Eliza Showell (1895–1978) was an English-born child migrant sent to Canada in 1908 as part of the British Home Children programme. In Canada, she was placed in indentured service. Her story inspired The Home Child, a poetry collection by Liz Berry, Showell's great-niece.

== Life ==
Eliza Showell was born in 1895 in England, in the Black Country area of the West Midlands. She was orphaned by the age of 12, and became resident at the Middlemore Children's Emigration Home in Birmingham. She became separated from her brothers, who had to sign her admission papers to the home, founded by John Middlemore, a local philanthropist. The home arranged the emigration of poor children to Canada from the United Kingdom, where they were placed in work until reaching adulthood. The Middlemore Home was one of many organisations involved in a broader child migration movement known as the Home Children. About 100,000 children are estimated to have come to Canada this way between 1869 and 1948.

In May 1908 Showell was sent to Canada, crossing the Atlantic from Liverpool aboard the ship Carthaginian, arriving in Halifax, Nova Scotia. She never returned to Britain or saw her brothers again. On arrival, Showell was placed in indentured domestic service, including on a Cape Breton farm. She spent her entire working life in domestic service roles. Showell's first name changed to Liza at some point, after which records became scarcer. After World War I, one of Showell's brothers wrote to Middlemore trying to track her down. He wrote "I have lost all trace of her".

Showell never married, and spent the final years of her life in an Inverness nursing home, Inverary Manor. A member of staff who worked at the home from 1974 recalled that Showell was non-verbal, except for the single word "candy" to ask for a sweet.

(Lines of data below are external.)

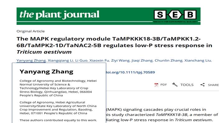 近日,我校农学与生物科技学院张艳阳在“The Plant Journal”(中科院一区TOP,IF=5.7)发表了题为“The MAPK regulatory module TaMPKKK18-3B/TaMPKK1.2-6B/TaMPK2-1D/TaNAC2-5B regulates low-P stress response in T. aestivum”研究论文。农学与生物科技学院为论文第一通讯单位,该成果得到了国家重点研发项目(2022YFD1200204)、华北作物改良与调控国家重点实验室(NCCIR2022ZZ-7)和金沙67783检测路线博士启动基金项目(2025YB018)的共同资助。
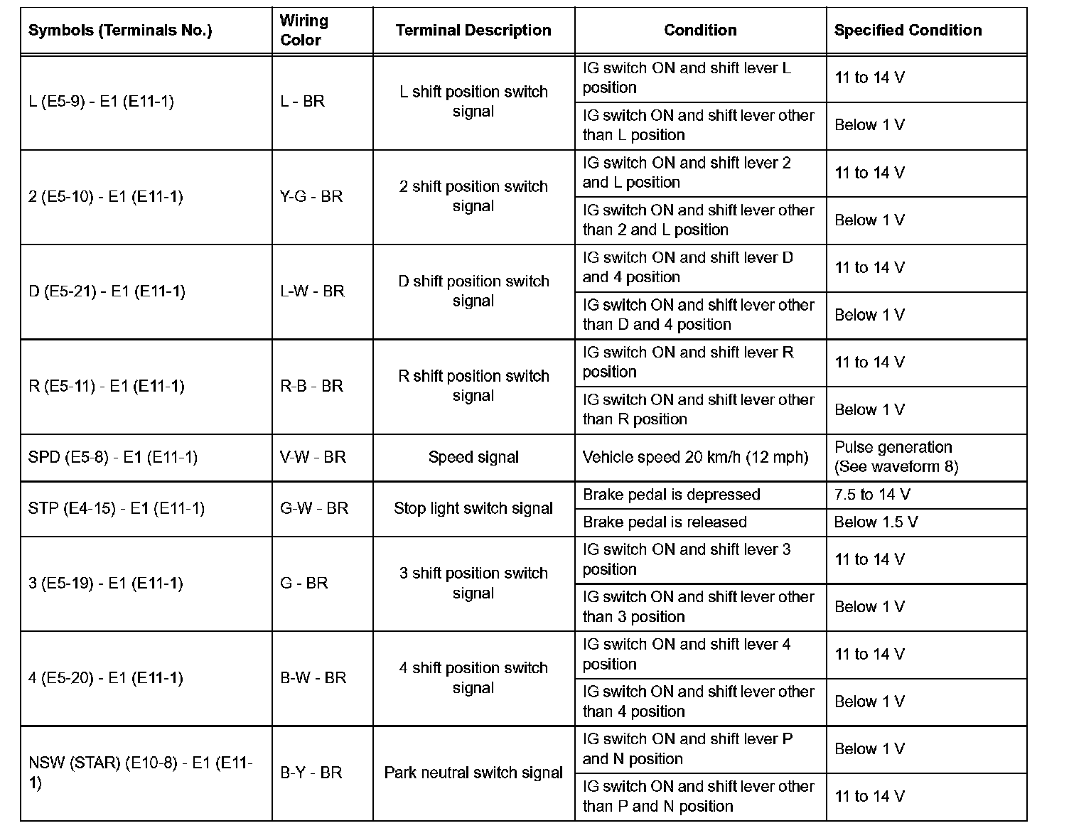 In the table, first follow the information under "Condition". Look under "Symbols (Terminal No.)" for the terminals to inspected. The standard voltage between the terminals is shown under "Specific Condition".
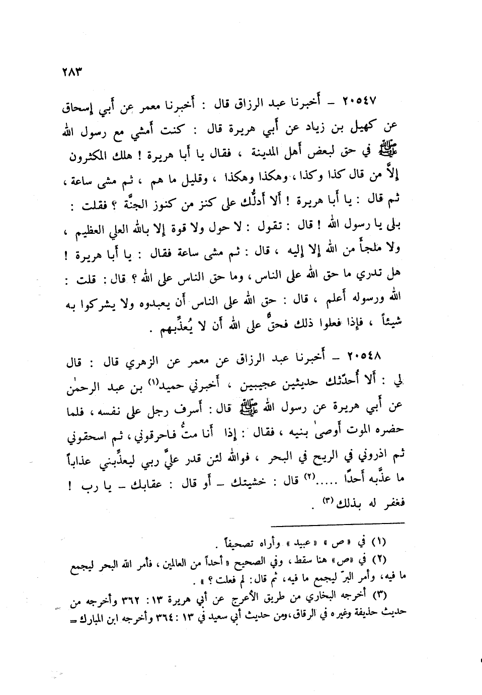 ٢٠٥٤٧ - أَخْبَرَنَا عَبْدُ الرَّزَّاقِ، قَالَ أَخْبَرَنَا مَعْمَرٌ، عَنْ أَبِي إِسْحَاقَ، عَنْ كُهَيْلِ بْنِ زِيَادٍ، عَنْ أَبِي هُرَيْرَةَ، قَالَ: كُنْتُ أَمْشِي مَعَ رَسُولِ اللَّهِ صَلَّى اللهُ عَلَيْهِ وَسَلَّمَ فِي حَقٍّ لِبَعْضِ أَهْلِ الْمَدِينَةِ، فَقَالَ: «يَا أَبَا هُرَيْرَةَ، هَلَكَ الْمُكْثِرُونَ إِلَّا مَنْ قَالَ: كَذَا وَكَذَا، وَهَكَذَا وَهَكَذَا، وَقَلِيلٌ مَا هُمْ» ، ثُمَّ مَشَى سَاعَةً، ثُمَّ قَالَ: «يَا أَبَا هُرَيْرَةَ، أَلَا أَدُلُّكَ عَلَى كَنْزٍ مِنْ كُنُوزِ الْجَنَّةِ؟» ، فَقُلْتُ: بَلَى يَا رَسُولَ اللَّهِ، قَالَ: «تَقُولُ: لَا حَوْلَ وَلَا قُوَّةَ إِلَّا بِاللَّهِ الْعَلِيِّ الْعَظِيمِ، وَلَا مَلْجَأَ مِنَ اللَّهِ إِلَّا إِلَيْهِ» ، قَالَ: ثُمَّ مَشَى سَاعَةً فَقَالَ: «يَا أَبَا هُرَيْرَةَ، هَلْ تَدْرِي مَا حَقُّ اللَّهِ عَلَى النَّاسِ، وَمَا حَقُّ النَّاسِ عَلَى اللَّهِ؟» ، قَالَ: قُلْتُ: اللَّهُ وَرَسُولُهُ أَعْلَمُ قَالَ: «حَقُّ اللَّهِ عَلَى النَّاسِ أَنْ يَعْبُدُوهُ وَلَا يُشْرِكُوا بِهِ شَيْئًا، فَإِذَا فَعَلُوا ذَلِكَ فَحَقٌّ عَلَى اللَّهِ أَنْ لَا يُعَذِّبَهُمْ»
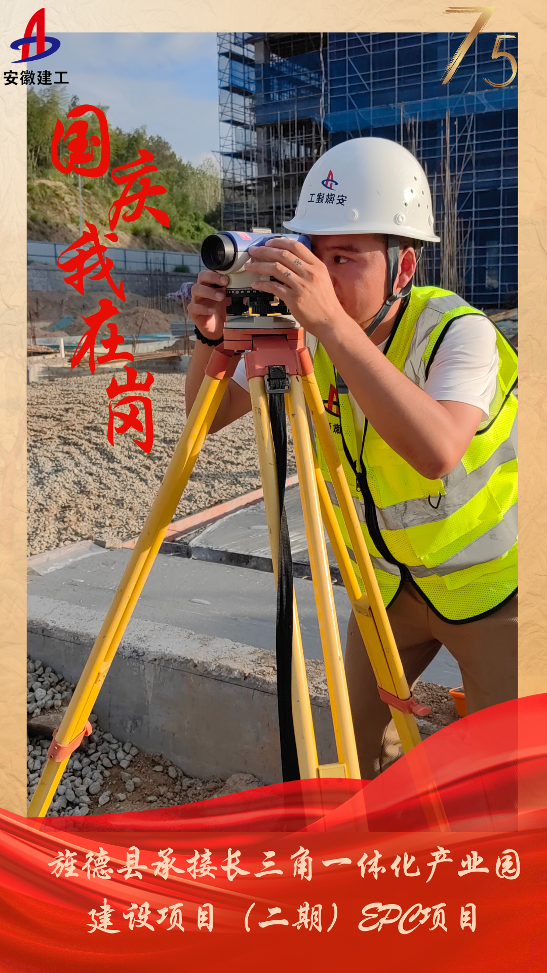 旌德縣承接長三角一體化產(chǎn)業(yè)園建設(shè)項目(二期)EPC項目施工員陳正正在進(jìn)行地坪碎石墊層抄平工作。

Showell died in Inverness in 1978. She was buried in Malagawatch Cemetery by Bras d'Or Lake. The burial was paid for by her employers.

Showell's story was the inspiration for a poetry collection by Liz Berry, her great-niece. The Home Child (Chatto & Windus, 2023) imagines Showell's journey by extrapolating beyond the few facts that are known about her life. It won The Writers' Prize in 2024.